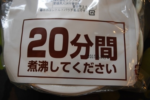 こちらも豚の角煮丼と同じく加賀米のご飯つき。メッチャでっかく「20分間煮沸してください」って書いてある。しかも裏にも・・・それでもって、「袋から出してから」とか一言も書いていない。もしかすると、このままでっかい鍋で温めるのが自衛隊流かも?
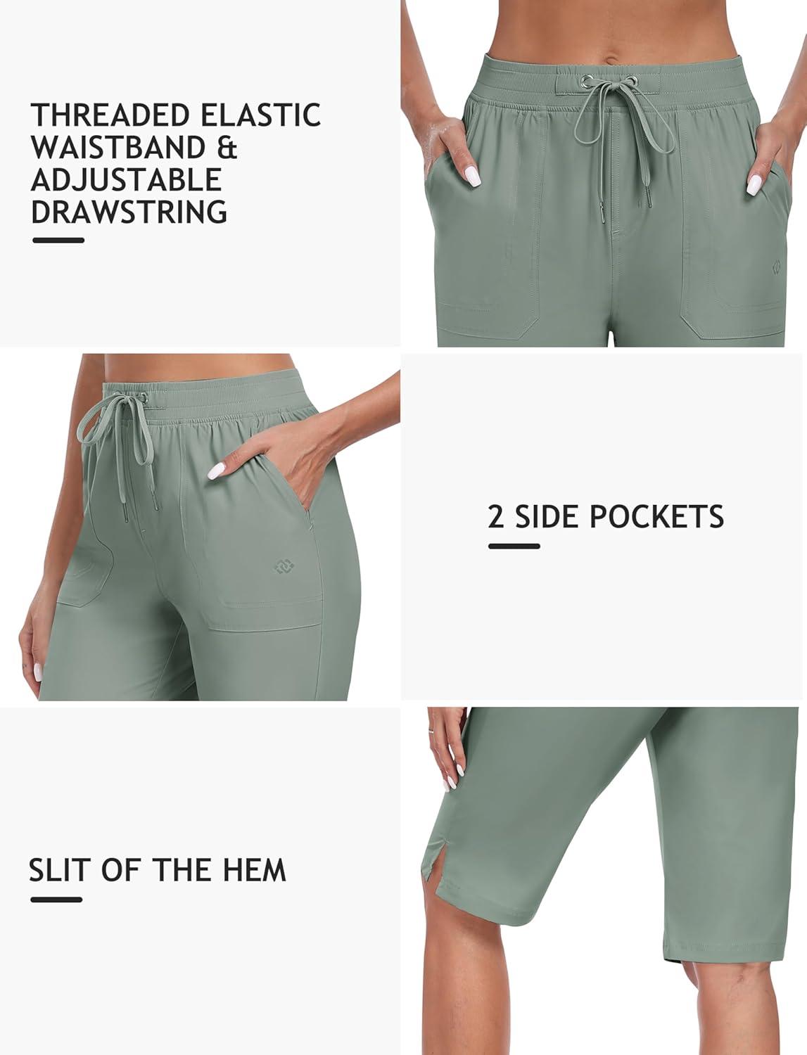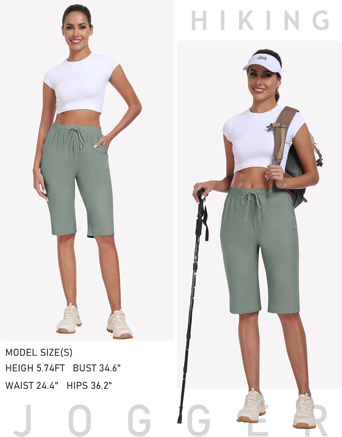 MoFiz Womens 13″ Knee Length Hiking Shorts Quick Dry Water Resistant Athletic Travel Golf Bermuda Shorts with 3 Pockets(A05-gray Green)
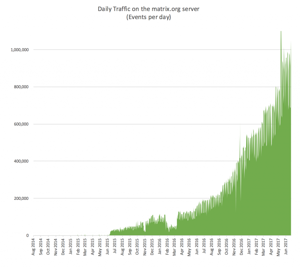 As many people know, Matrix.org development has historically been exclusively and very generously sponsored by a large multinational telecoms infrastructure company for whom most of the core team once built telco messaging apps. However, despite the project progressing better than ever (more on that later), we have just had our funding dramatically cut by >60%. [Update: as of Aug 2017 it is effectively cut entirely, with enough $ left over to cover until end of October.]
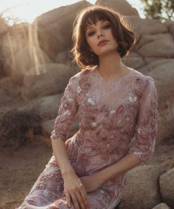 Adorned with 3D rosettes, beading, and pearls, this evening gown exudes glamour and sophistication. Featuring a high illusion neckline, sheer 3/4 sleeves, and a flattering a-line silhouette, it’s perfect for making an entrance at any formal occasion.
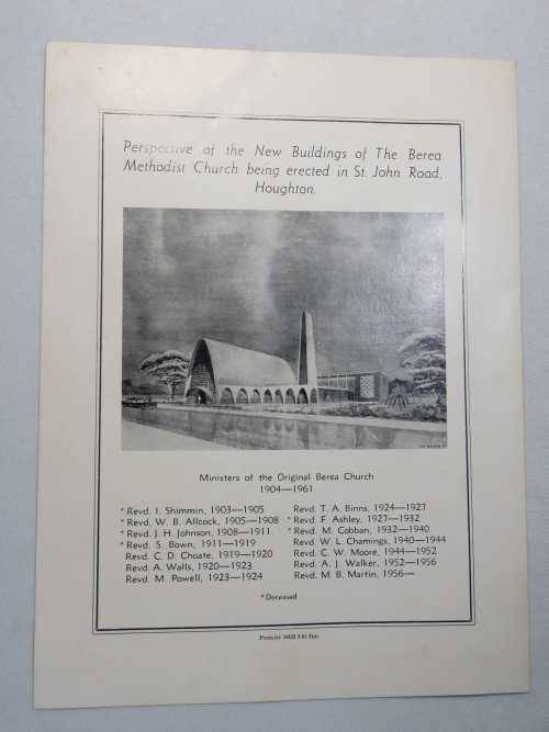 Berea Methodist Church Johannesburg central circuit March 1961 closing ceremony programme
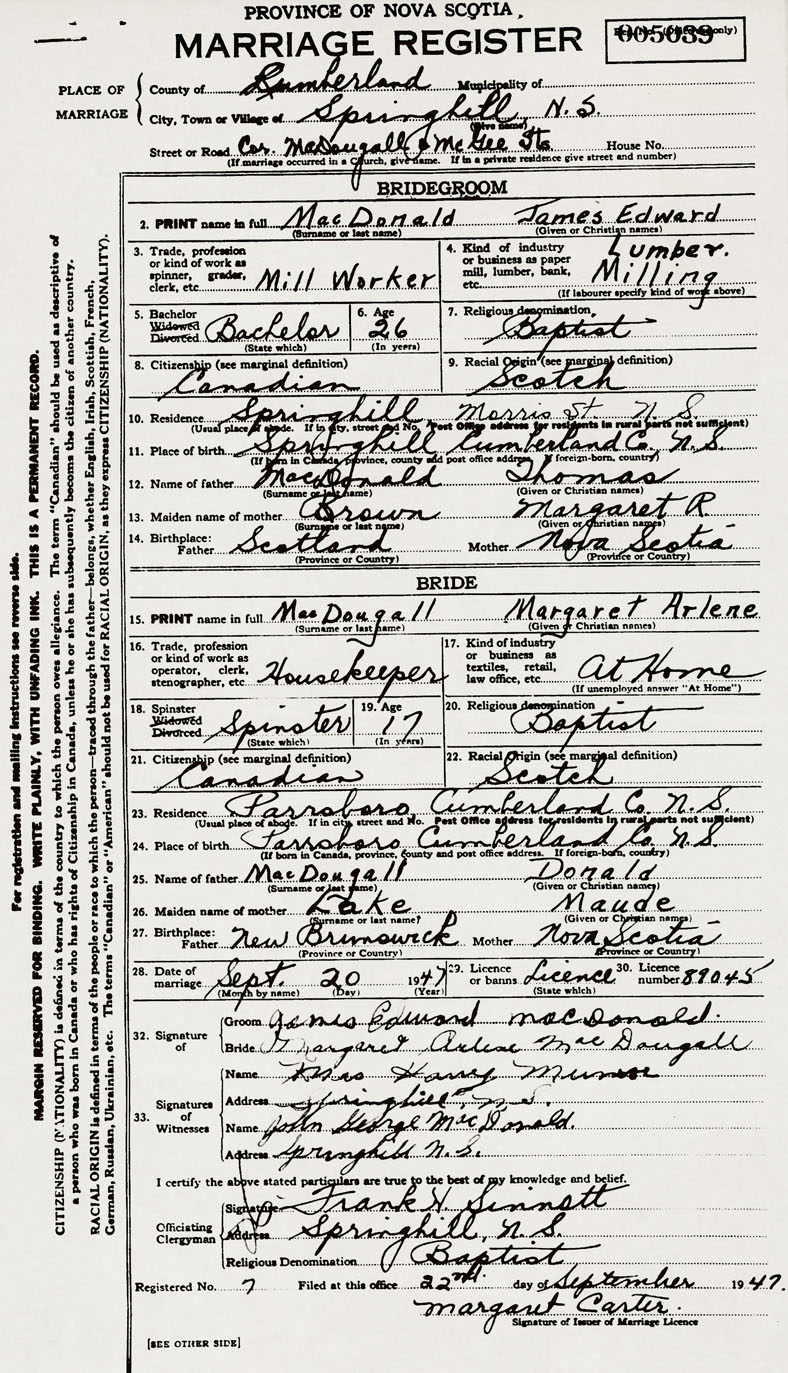 28. Date of marriage September 20 1947 29. By license or banns License 30. License number 89045
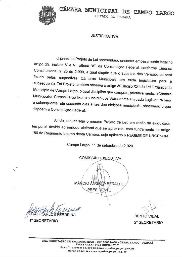 O cidadão campo-larguense já sabe o quanto o prefeito, o vice-prefeito, os secretários municipais e os vereadores, inclusive o futuro presidente da câmara, receberão a partir de janeiro de 2021. Através do projeto de lei nº 72/2020, aprovado por unanimidade, pelos atuais vereadores foram fixados os subsídios para o poder executivo e para o poder legislativo, conforme o que determina a Constituição Federal e a Lei Orgânica do Município. “Isto é coisa de lei e nós, os atuais vereadores temos obrigação de cumprir a Constituição e assim é feito no final de cada quatro anos”, destaca o vereador João D’Água, secretário da Câmara Municipal. Já, o presidente vereador Márcio Beraldo ressalta que é erro grave divulgar que houve aumento de subsídios para o prefeito, para o vice-prefeito, para os vereadores e para os secretários. Isto confunde a população neste momento de eleição municipal. Nós, vereadores, só cumprimos o que é determinado pelas leis. Não podemos ir contra a Constituição Federal. O vereador Darci Andreassa, eleito para nove mandatos e atual vice-presidente, declara que existem pessoas maldosas, neste momento, que procuram deturpar as decisões obrigatórias da Câmara Municipal. Para esclarecer aos mal informados, o que foi aprovado é o mesmo valor estabelecido, em 2016, apenas com a correção inflacionária. Nada mais justo que assim se proceda e se garanta em lei as decisões que são atribuições de todas as câmaras de todos os municípios do Brasil. Em nota de esclarecimento, a Câmara Municipal de Campo Largo notificou a população que o Tribunal de Contas do Estado é o órgão de controle e fiscalização que determina que em todo término de gestão se cumpra a determinação legal de criar este projeto de fixação de subsídios (salário dos vereadores), mas em nenhum momento foi levado a plenário para votação um projeto de aumento de salários. Para uma simples leitura e compreensão, ler alguns artigos da Lei Orgânica de Campo Largo.
=======
- **What the task requires**: Restate the data above word for word, omitting every picture.

- **Result below**:
 こちらも豚の角煮丼と同じく加賀米のご飯つき。メッチャでっかく「20分間煮沸してください」って書いてある。しかも裏にも・・・それでもって、「袋から出してから」とか一言も書いていない。もしかすると、このままでっかい鍋で温めるのが自衛隊流かも?
 MoFiz Womens 13″ Knee Length Hiking Shorts Quick Dry Water Resistant Athletic Travel Golf Bermuda Shorts with 3 Pockets(A05-gray Green)
 As many people know, Matrix.org development has historically been exclusively and very generously sponsored by a large multinational telecoms infrastructure company for whom most of the core team once built telco messaging apps. However, despite the project progressing better than ever (more on that later), we have just had our funding dramatically cut by >60%. [Update: as of Aug 2017 it is effectively cut entirely, with enough $ left over to cover until end of October.]
 Adorned with 3D rosettes, beading, and pearls, this evening gown exudes glamour and sophistication. Featuring a high illusion neckline, sheer 3/4 sleeves, and a flattering a-line silhouette, it’s perfect for making an entrance at any formal occasion.
 Berea Methodist Church Johannesburg central circuit March 1961 closing ceremony programme
 28. Date of marriage September 20 1947 29. By license or banns License 30. License number 89045
 O cidadão campo-larguense já sabe o quanto o prefeito, o vice-prefeito, os secretários municipais e os vereadores, inclusive o futuro presidente da câmara, receberão a partir de janeiro de 2021. Através do projeto de lei nº 72/2020, aprovado por unanimidade, pelos atuais vereadores foram fixados os subsídios para o poder executivo e para o poder legislativo, conforme o que determina a Constituição Federal e a Lei Orgânica do Município. “Isto é coisa de lei e nós, os atuais vereadores temos obrigação de cumprir a Constituição e assim é feito no final de cada quatro anos”, destaca o vereador João D’Água, secretário da Câmara Municipal. Já, o presidente vereador Márcio Beraldo ressalta que é erro grave divulgar que houve aumento de subsídios para o prefeito, para o vice-prefeito, para os vereadores e para os secretários. Isto confunde a população neste momento de eleição municipal. Nós, vereadores, só cumprimos o que é determinado pelas leis. Não podemos ir contra a Constituição Federal. O vereador Darci Andreassa, eleito para nove mandatos e atual vice-presidente, declara que existem pessoas maldosas, neste momento, que procuram deturpar as decisões obrigatórias da Câmara Municipal. Para esclarecer aos mal informados, o que foi aprovado é o mesmo valor estabelecido, em 2016, apenas com a correção inflacionária. Nada mais justo que assim se proceda e se garanta em lei as decisões que são atribuições de todas as câmaras de todos os municípios do Brasil. Em nota de esclarecimento, a Câmara Municipal de Campo Largo notificou a população que o Tribunal de Contas do Estado é o órgão de controle e fiscalização que determina que em todo término de gestão se cumpra a determinação legal de criar este projeto de fixação de subsídios (salário dos vereadores), mas em nenhum momento foi levado a plenário para votação um projeto de aumento de salários. Para uma simples leitura e compreensão, ler alguns artigos da Lei Orgânica de Campo Largo.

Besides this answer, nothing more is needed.